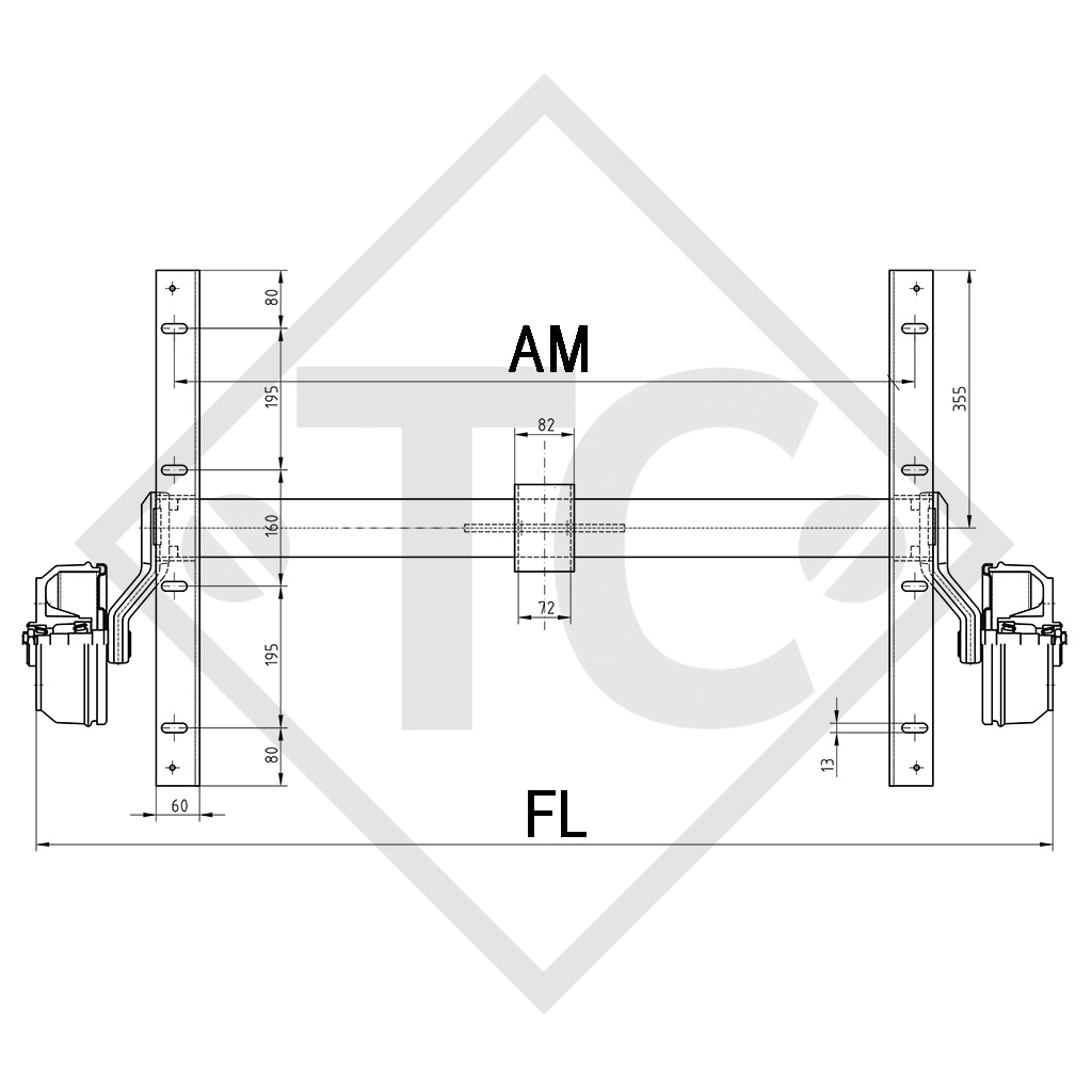 larghezza ai supporti: misura AM 880mm, complessiva: misura FL 1260mm, attacco ruota 112x5, freno ruota tipo S 2005-7 RASK, campanatura (ET) 30mm, posizione del braccio oscillante 20°, profilo assale 80mm. Per saperne di più...
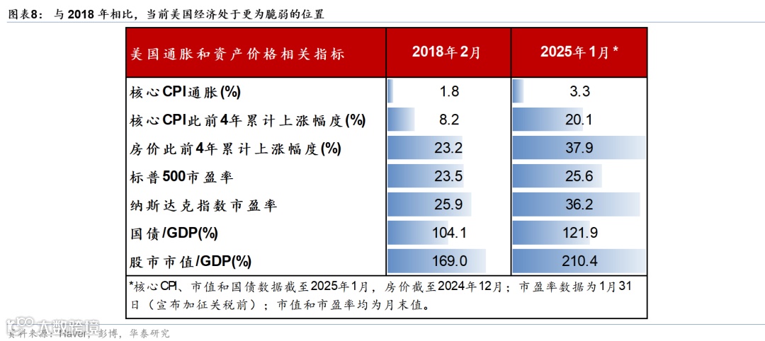 3. 税率明显上升以及全球、尤其美国经济面临更大下行压力。中国出口可能面临比1季度、甚至2018-19年贸易摩擦升温期间更大压力。今年1-2月中国出口同比增速达2.3%、而经工作日调整后的出口增速维持在7.6%的高位,3月受季节性因素推动,港口集装箱吞吐量仍维持较高增长,华泰出口需求日度指数(HEDT)显示4月同比或录得约4%,显示整体1季度出口仍有一定韧性。复盘2018-19年中美贸易摩擦期间,美国对中国的平均关税水平从2018年1-6月的3%左右攀升至13%左右,而2019年人民币兑美元汇率较17年均值下行约2.3%,2019年末人民币兑美元汇率较2017年末下行约7%。同时,出口退税补贴等政策亦推动2019年出口退税额亦较2017年增长20%,由此,总量层面部分抵消了关税对中国出口的负面影响,但此次上述对冲性政策暂未体现。此外,更重要的是,全球经济、尤其美国经济处于更为脆弱的位置(图表8)。上一轮2018年加征关税前,美国经济受益于特朗普的大规模减税,经济增长在潜在增速之上,而此次减税规模或有限,且今年1季度美国实际GDP季环比折年增速可能放缓至1-1.5%的水平。同时,当前美国的物价水平远高于2018年,而关税政策可能进一步抬升美国的通胀预期。
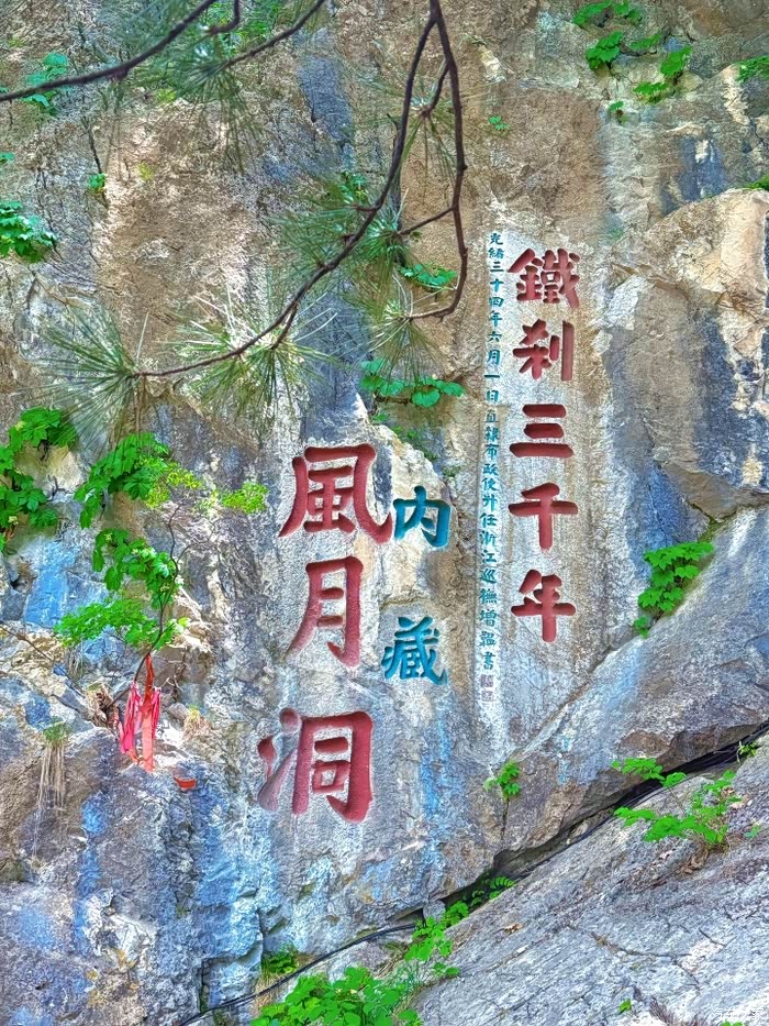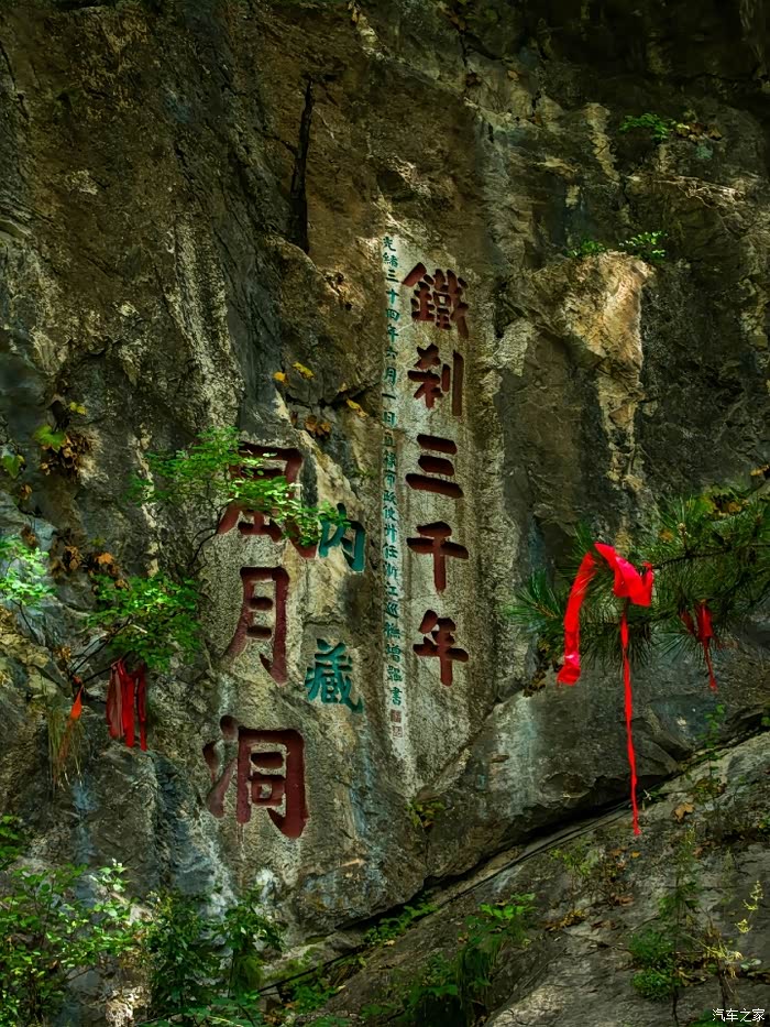 9点10分正式开始登山。上汽奥迪Q6的后备箱早已备好登山杖和便携背包,装上两瓶矿泉水和能量棒,轻装上阵。前半段是规整的石阶路,两侧古松参天,阳光透过枝叶洒下斑驳光影。行至“天桥”处,一块巨石横跨两山之间,下方是深达数十米的沟壑,胆小者需扶栏而过。继续向上,途经“云光洞”,这是铁刹山最著名的道教洞穴,洞口刻有“云光洞”三字,洞内供奉着道教诸神,岩壁上的石刻虽历经岁月却依然清晰,相传这里是长眉李大仙修道成真之处,洞外平台可俯瞰山下村落,梯田与河流交织成画。

## What you are asked to do
If a line holds a picture, skip the picture and transcribe the rest of the material exactly.

## Result
 larghezza ai supporti: misura AM 880mm, complessiva: misura FL 1260mm, attacco ruota 112x5, freno ruota tipo S 2005-7 RASK, campanatura (ET) 30mm, posizione del braccio oscillante 20°, profilo assale 80mm. Per saperne di più...
 3. 税率明显上升以及全球、尤其美国经济面临更大下行压力。中国出口可能面临比1季度、甚至2018-19年贸易摩擦升温期间更大压力。今年1-2月中国出口同比增速达2.3%、而经工作日调整后的出口增速维持在7.6%的高位,3月受季节性因素推动,港口集装箱吞吐量仍维持较高增长,华泰出口需求日度指数(HEDT)显示4月同比或录得约4%,显示整体1季度出口仍有一定韧性。复盘2018-19年中美贸易摩擦期间,美国对中国的平均关税水平从2018年1-6月的3%左右攀升至13%左右,而2019年人民币兑美元汇率较17年均值下行约2.3%,2019年末人民币兑美元汇率较2017年末下行约7%。同时,出口退税补贴等政策亦推动2019年出口退税额亦较2017年增长20%,由此,总量层面部分抵消了关税对中国出口的负面影响,但此次上述对冲性政策暂未体现。此外,更重要的是,全球经济、尤其美国经济处于更为脆弱的位置(图表8)。上一轮2018年加征关税前,美国经济受益于特朗普的大规模减税,经济增长在潜在增速之上,而此次减税规模或有限,且今年1季度美国实际GDP季环比折年增速可能放缓至1-1.5%的水平。同时,当前美国的物价水平远高于2018年,而关税政策可能进一步抬升美国的通胀预期。
 9点10分正式开始登山。上汽奥迪Q6的后备箱早已备好登山杖和便携背包,装上两瓶矿泉水和能量棒,轻装上阵。前半段是规整的石阶路,两侧古松参天,阳光透过枝叶洒下斑驳光影。行至“天桥”处,一块巨石横跨两山之间,下方是深达数十米的沟壑,胆小者需扶栏而过。继续向上,途经“云光洞”,这是铁刹山最著名的道教洞穴,洞口刻有“云光洞”三字,洞内供奉着道教诸神,岩壁上的石刻虽历经岁月却依然清晰,相传这里是长眉李大仙修道成真之处,洞外平台可俯瞰山下村落,梯田与河流交织成画。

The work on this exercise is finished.